Esta é a primeira vez que o governo petista reage com uma medida concreta - na verdade, uma retaliação - ao esbulho de interesses brasileiros nos países ditos bolivarianos. Duas refinarias e campos de petróleo e gás na Bolívia foram ocupados militarmente e virtualmente expropriados sem que o governo brasileiro reagisse à altura. Ao contrário, o chanceler Celso Amorim, na ocasião, afirmou o direito do governo boliviano às riquezas minerais do país, quando não era disso que se tratava, mas da maneira atrabiliária como o governo de Evo Morales se apropriou do patrimônio da empresa estatal brasileira. O caudilho Hugo Chávez também obrigou a Petrobrás a aceitar mudanças radicais em contratos de exploração de petróleo na Bacia do Orenoco, sem que Brasília esboçasse sequer um protesto.

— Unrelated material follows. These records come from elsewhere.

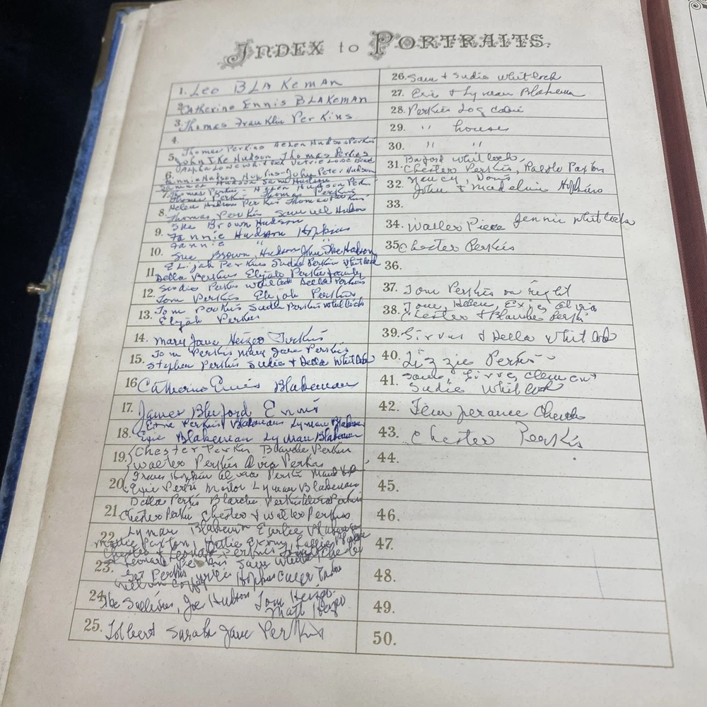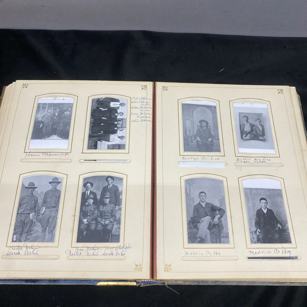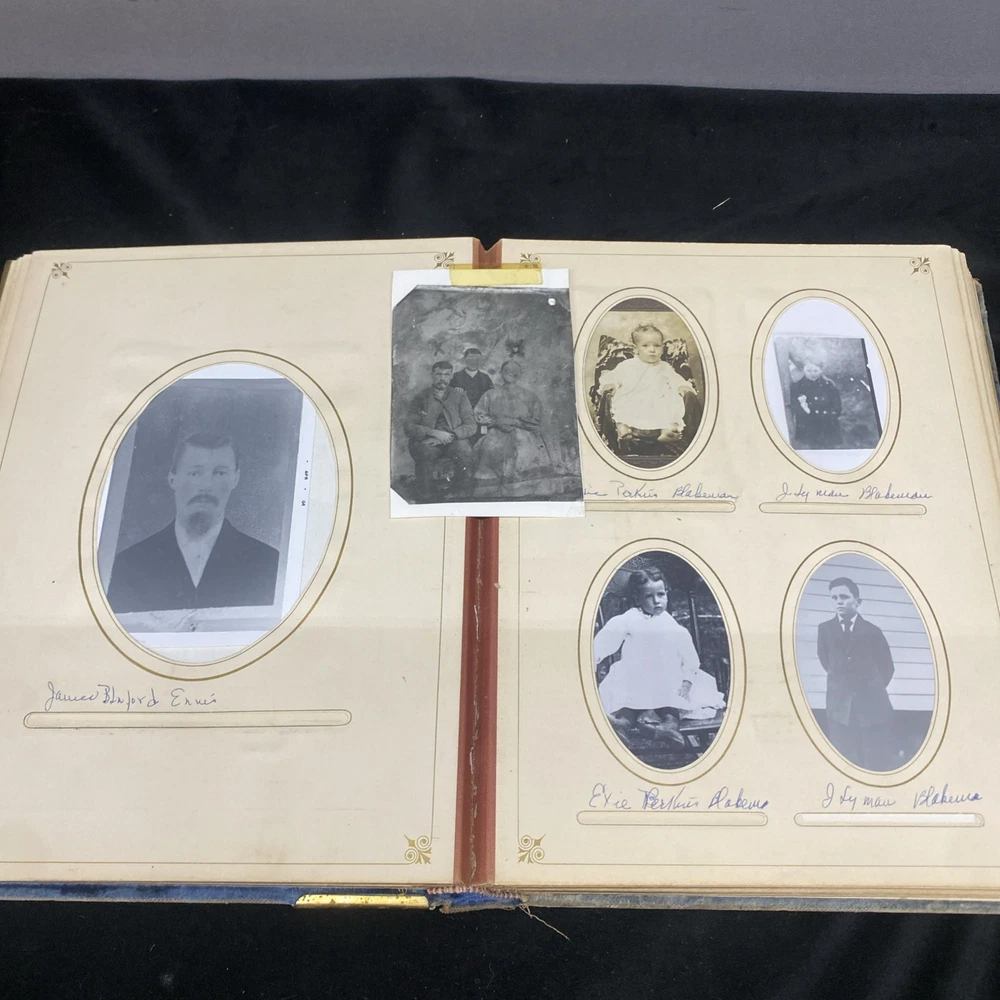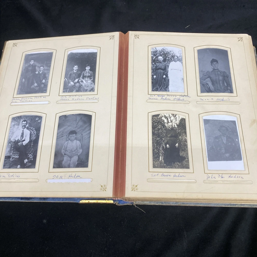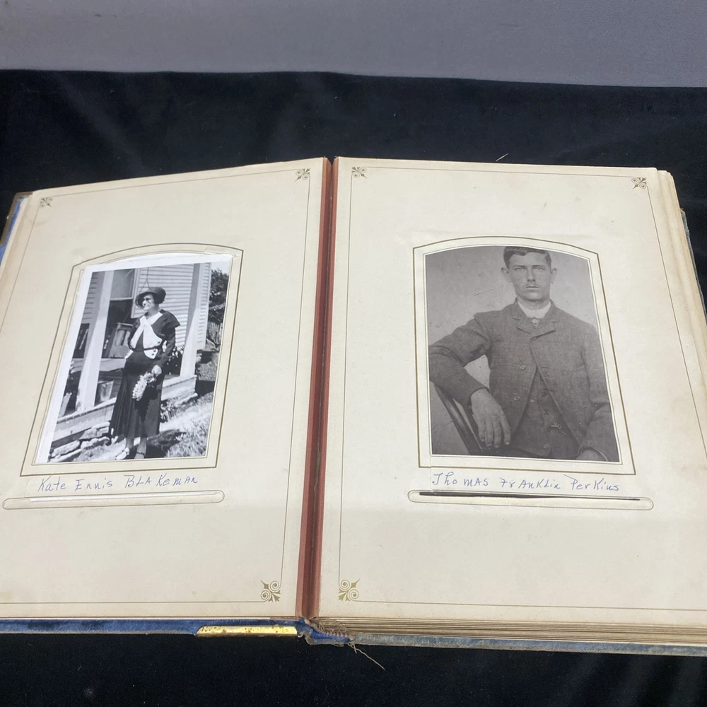 This antique blue velvet family album from the late 1890s to early and mid 1900s is a unique piece of Americana with brass accents and a latch closure. Filled with sepia-toned photographs of women, men, and families, this one-of-a-kind (OOAK) album is a vintage treasure originating from the United States. Measuring 12x9x3 inches, this fabric and cardboard album offers a glimpse into the past and would make a valuable addition to any collection of photographic images. In good shape. Some wear and discoloration to the fabric. Some Tarnish on the brass Some pages have damage and small tears. Mostly pics of the Blakeman,Perkins ,Hudson,Whitlock,Families from Kentucky Names written on photos and on pages. Has an index. Some other loose photos included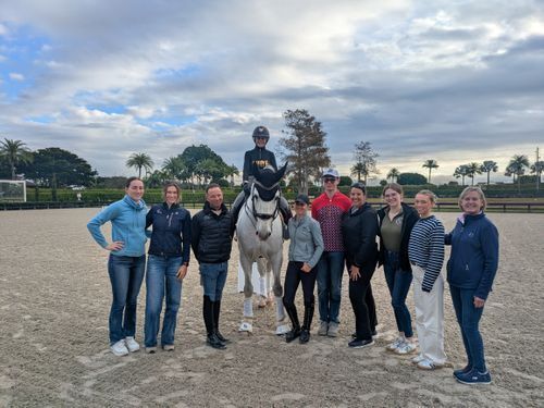 Day two of the Wellington Dream Program began at Roseview South with David Marcus and Molly Maloney. We started by watching Molly pilot a talented five-year-old, coming six-year-old gelding under David’s guidance. This session offered valuable tools for improving both horse and rider balance, along with thoughtful exercises designed to help loosen and stretch the horse. What stood out most to me was the emphasis both David and Molly placed on relaxation. Their focus on ease and softness was refreshing to me.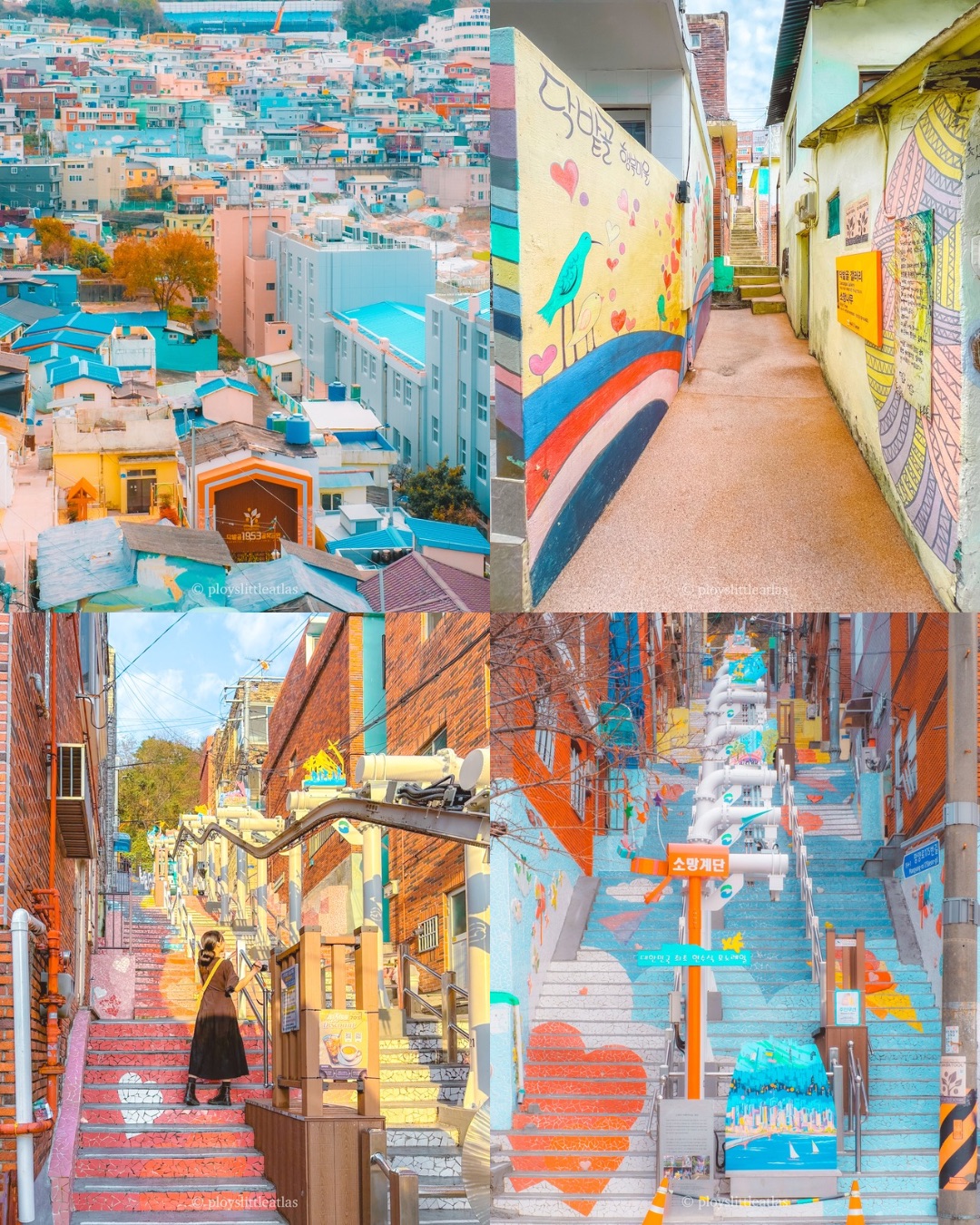 Less crowded than Gamcheon, Dakbatgol is famous for its “Stairway to Wishes” (192 steps!). It’s a quiet, artistic neighborhood perfect for a peaceful morning walk.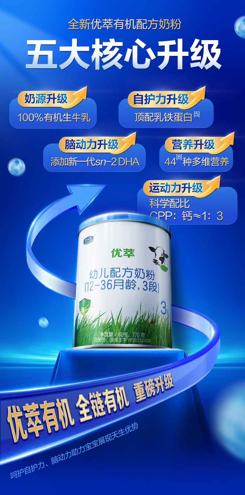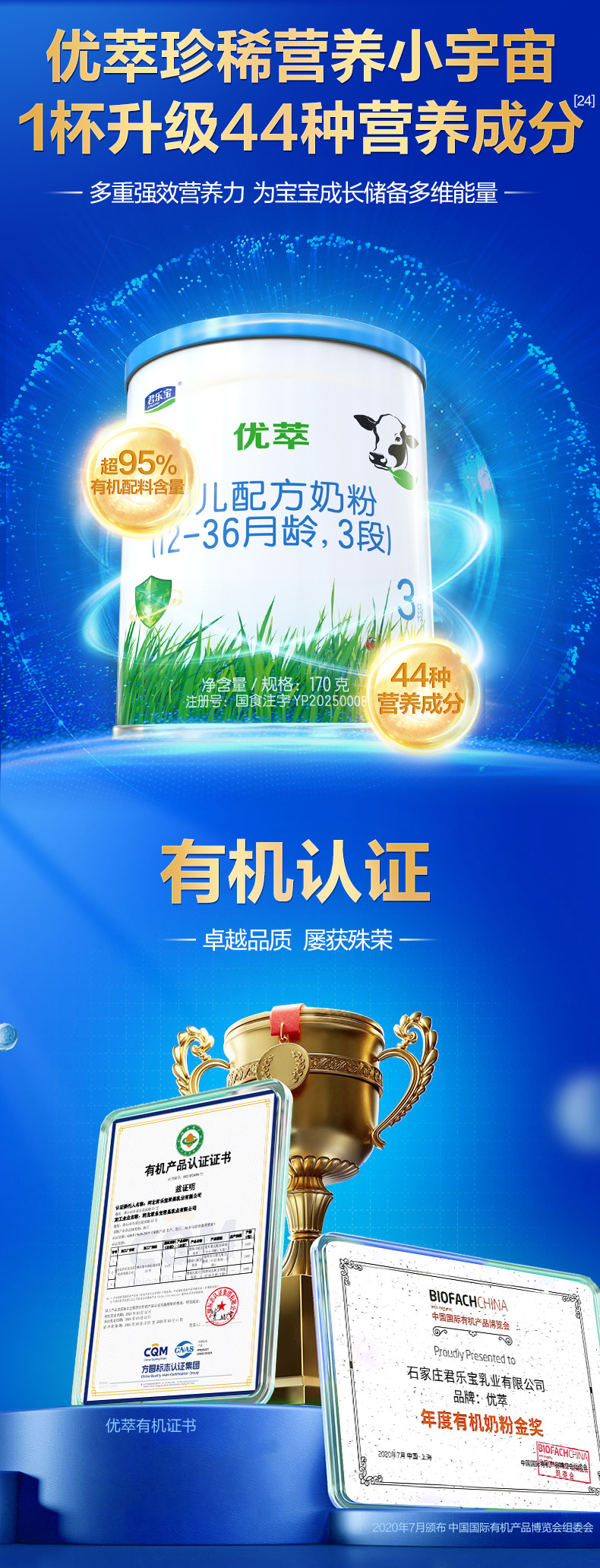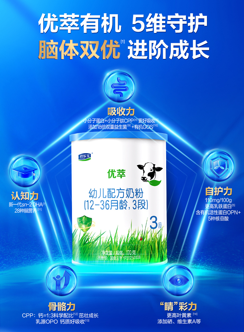 [No Spoon Included] Junlebao Youcui Organic Infant Formula Milk Powder Suitable for 12-36 Months, Stage 3, 170g*1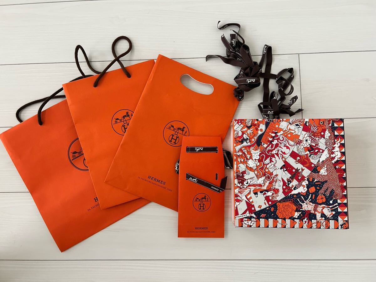 HERMESのロゴ入り紙製ショップ袋、ギフト包装に最適。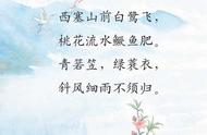 31。張志和《漁歌子》:西塞山前白鷺飛,桃花流水鱖魚肥。

No Equador, primeiro o presidente Rafael Correa determinou, no dia 23 do mês passado, a ocupação de quatro obras, no valor de US$ 500 milhões, tocadas pela Odebrecht, decretou a expulsão da empresa do país e suspendeu os direitos individuais de quatro diretores brasileiros da construtora - dois dos quais estão asilados na residência do embaixador brasileiro em Quito desde então -, e depois forçou a Petrobrás a devolver uma concessão de petróleo e a renegociar, a toque de caixa, o contrato de exploração de outro. A única reação do chanceler brasileiro a esse esbulho, seguido de violação de direitos fundamentais de cidadãos brasileiros, foi recomendar "paciência". O presidente Lula, por sua vez, ponderou que tais medidas de força faziam parte do quadro político determinado pela realização, naqueles dias, do referendo para aprovar a constituição bolivariana do Equador, e assumiu a posição do irmão mais velho, que deve suportar as estripulias do "irmão menor".
Custou para o governo brasileiro se convencer de que o que se passa no Equador é mais do que um simples incidente em disputa eleitoral ou uma afirmação de direitos soberanos sobre recursos nacionais. Embora a Constituição recém-aprovada seja muito mais branda que as adotadas pela Venezuela e pela Bolívia, no que diz respeito ao direito de propriedade e à iniciativa privada, está havendo no Equador uma nítida mudança do capitalismo para o "socialismo do século 21" bolivariano - e as empresas brasileiras que lá operam foram escolhidas para servir de exemplo.
Nessa terça-feira, depois que o presidente Correa ameaçou mais uma vez expulsar a Petrobrás do país, se a empresa não aceitasse imediatamente a transformação de seu contrato de concessão de área petrolífera em contrato de prestação de serviços - sem ao menos definir as indenizações pela expropriação e as condições do novo regime de exploração -, a paciência do presidente Lula começou a dar sinais de fadiga. Ao contrário do que fez nos casos da Bolívia e da Venezuela, autorizou a Petrobrás a negociar segundo os seus interesses e admitiu a hipótese de uma retirada da empresa do Equador, se os termos da negociação não fossem favoráveis. O chanceler Celso Amorim reiterou essa posição, acrescentando que a Petrobrás, saindo do Equador, deverá ser "adequadamente" compensada pelos investimentos lá feitos.
Não são, afinal, investimentos pequenos. Desde 1997 a Petrobrás aplicou no Equador US$ 430 milhões, dos quais US$ 200 milhões na pesquisa do bloco que foi obrigada a devolver recentemente, por não ter sido autorizada a explorá-lo. A Odebrecht, por sua vez, tem uma carteira de obras no valor de US$ 500 milhões - e Rafael Correa ameaça não pagar ao BNDES o financiamento de US$ 230 milhões para a construção da Hidrelétrica de San Francisco. O governo brasileiro deve exigir a justa compensação por esses investimentos.